Winner of the IBP 2017 Social Sciences
Han F. Vermeulen, Before Boas. The Genesis of Ethnography and Ethnology in the German Enlightenment. Lincoln/London: University of Nebraska Press, 2015.
Before Boas is an outstanding publication epitomising thirty years of accumulated research on the genesis and development of German ethnographic traditions. Vermeulen’s investigation covers a long period, emphasising the importance of 18th century German Enlightenment for writing about all peoples (including Europeans), tracing the consolidation of key-concepts, observing schools of thought and names that played a central role to the trajectory of anthropology and ethnology in the German-speaking world. Anthropological theory and ethnography are largely refractory to non-Anglophone contributions to the mainstream discipline, which grants to Before Boas the status of a masterpiece and a major contribution to the history of anthropology at large and rightful winner of the IBP 2017 in the Social Sciences.
Picture: Paul van der Velde (ICAS) and prize winner Han Vermeulen
Shortlist IBP 2017 Social Sciences
Jie Li, Shanghai Homes. Palimpsests of Private Life. New York/Chichester: Columbia University Press, 2015.

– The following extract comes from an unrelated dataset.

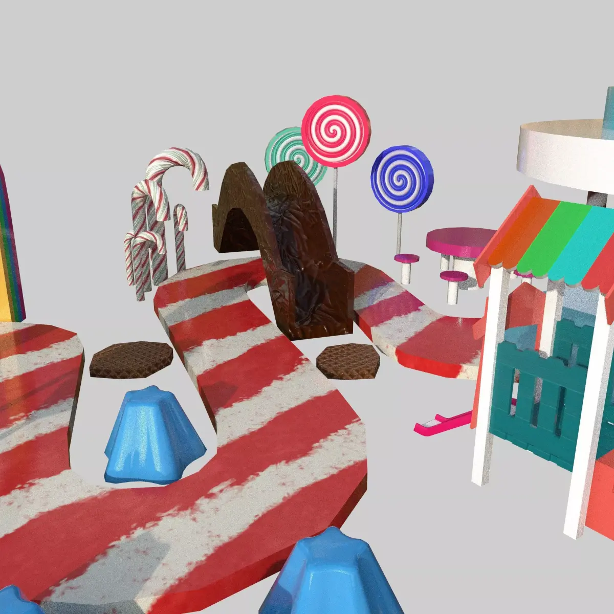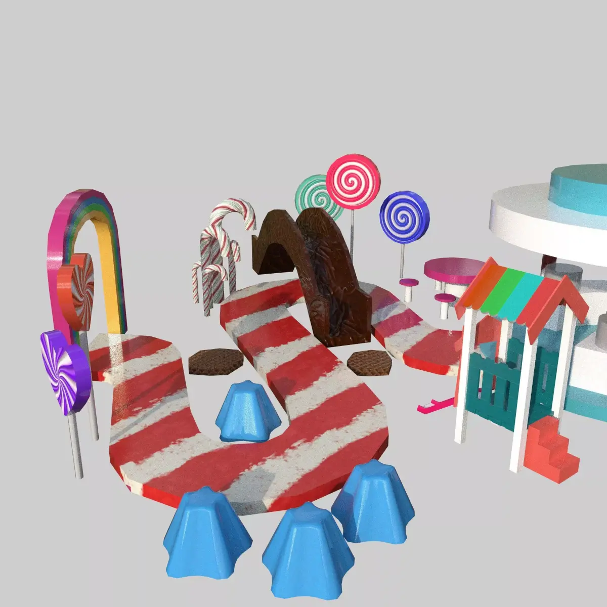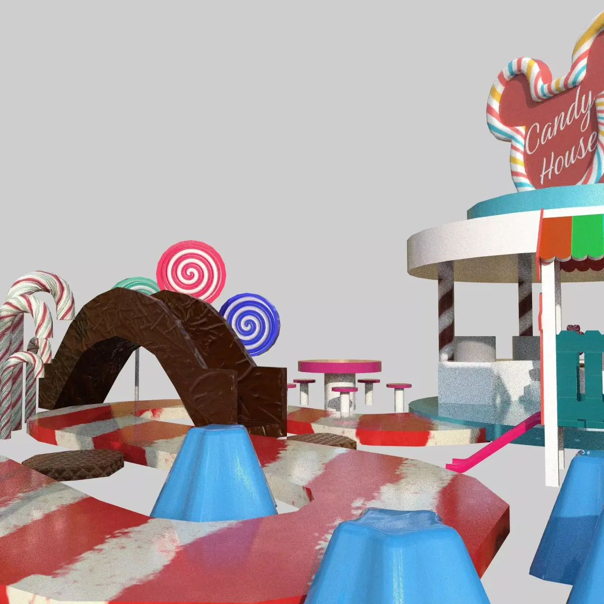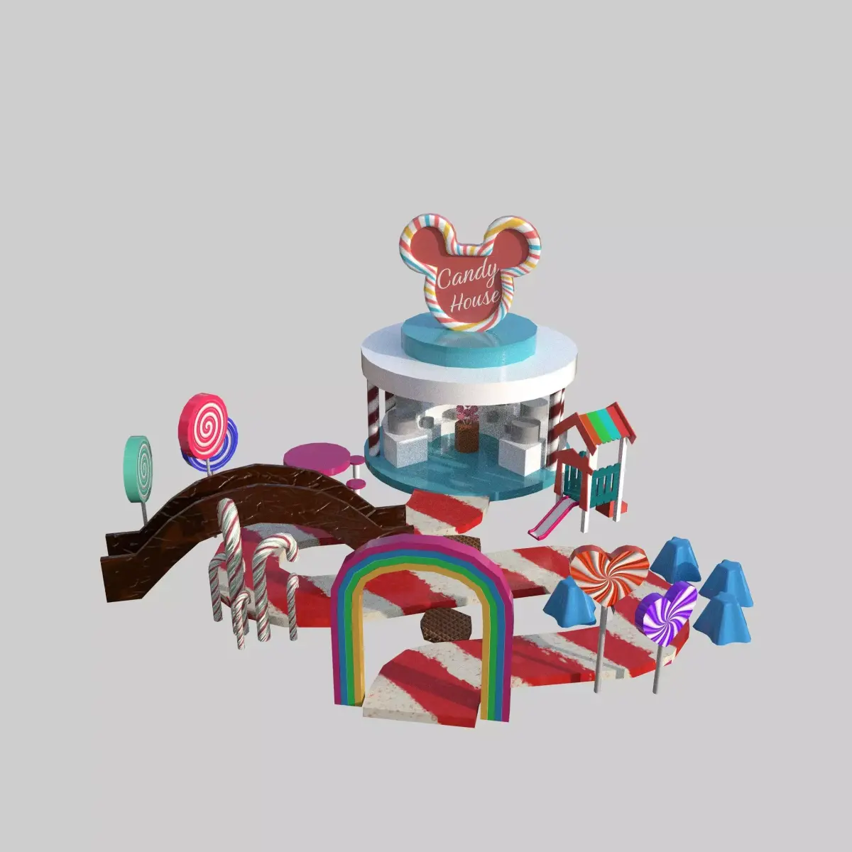 A stylized 3D Candy Stall / Candy House model designed for playful, vibrant environments such as theme parks, carnivals, and fantasy games.
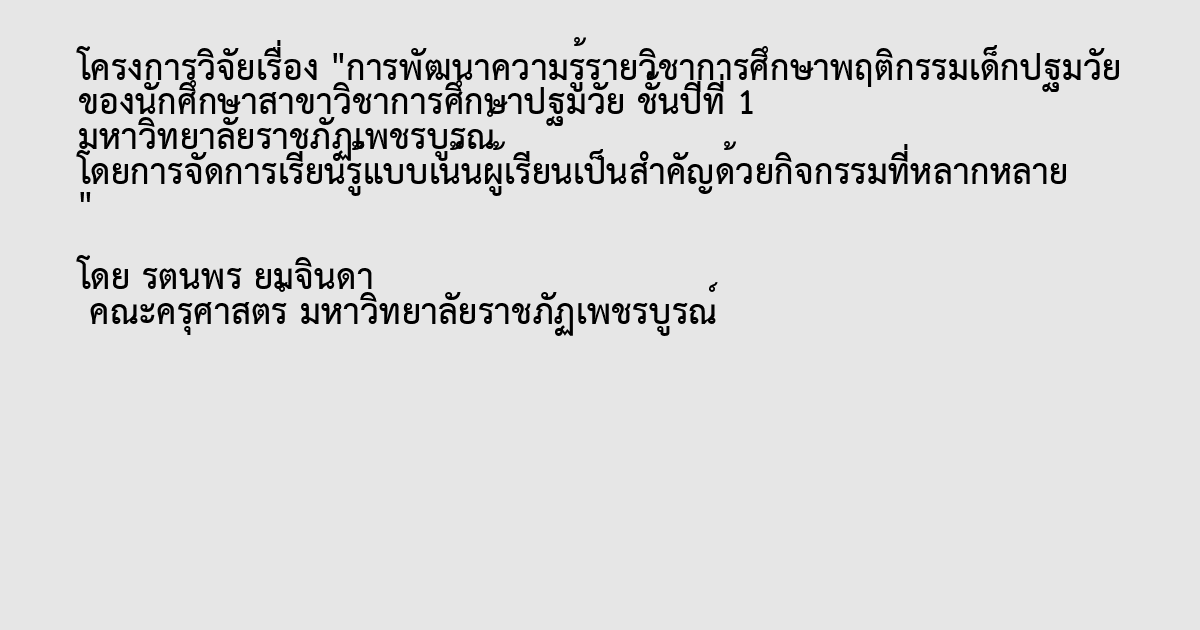 การพัฒนาความรู้รายวิชาการศึกษาพฤติกรรมเด็กปฐมวัย ของนักศึกษาสาขาวิชาการศึกษาปฐมวัย ชั้นปีที่ 1 มหาวิทยาลัยราชภัฏเพชรบูรณ์ โดยการจัดการเรียนรู้แบบเน้นผู้เรียนเป็นสำคัญด้วยกิจกรรมที่หลากหลาย

Shanghai Homes is an insightful contribution to social sciences in Asia and an inspiring model of a methodological and theoretical pathway for research elsewhere. Jie Li shows a formidable narrative combining microhistories, family memoirs and self-ethnography. By using drawings, photographs, maps, and so on, Li develops strategies to observe private life through the analysis of space, artifacts and gossip. This book is a revised version of her dissertation, which gave her the chance to include the collapse of her own community landscape: the demolition of Shanghai alleyways, the dissolution of communities, and the fading of the remembrances of her elders. Shanghai Homes is a great contribution to many fields of social science due to its interdisciplinary character.
Pamela D. McElwee, Forests Are Gold. Trees, People, and Environmental Rule in Vietnam. Seattle/London: University of Washington Press, 2016.
In Forests are Gold, Pamela McElwee argues that the ‘environmental rule’ is co-produced as a consequence of shifting ideologies and concepts around ‘nature’ and political processes at distinct historical periods. Employing an historical-ethnographic approach, McElwee meticulously documents the specific ways in which knowledge production of forests intersects with policy management to govern people from the beginning of French colonial rule to present day Vietnam. The book draws on wide-ranging debates in anthropology—from political ecology, postcolonial studies, and actor-network theory—and provides a useful analytical counterpoint to the dominant narrative surrounding environmental politics.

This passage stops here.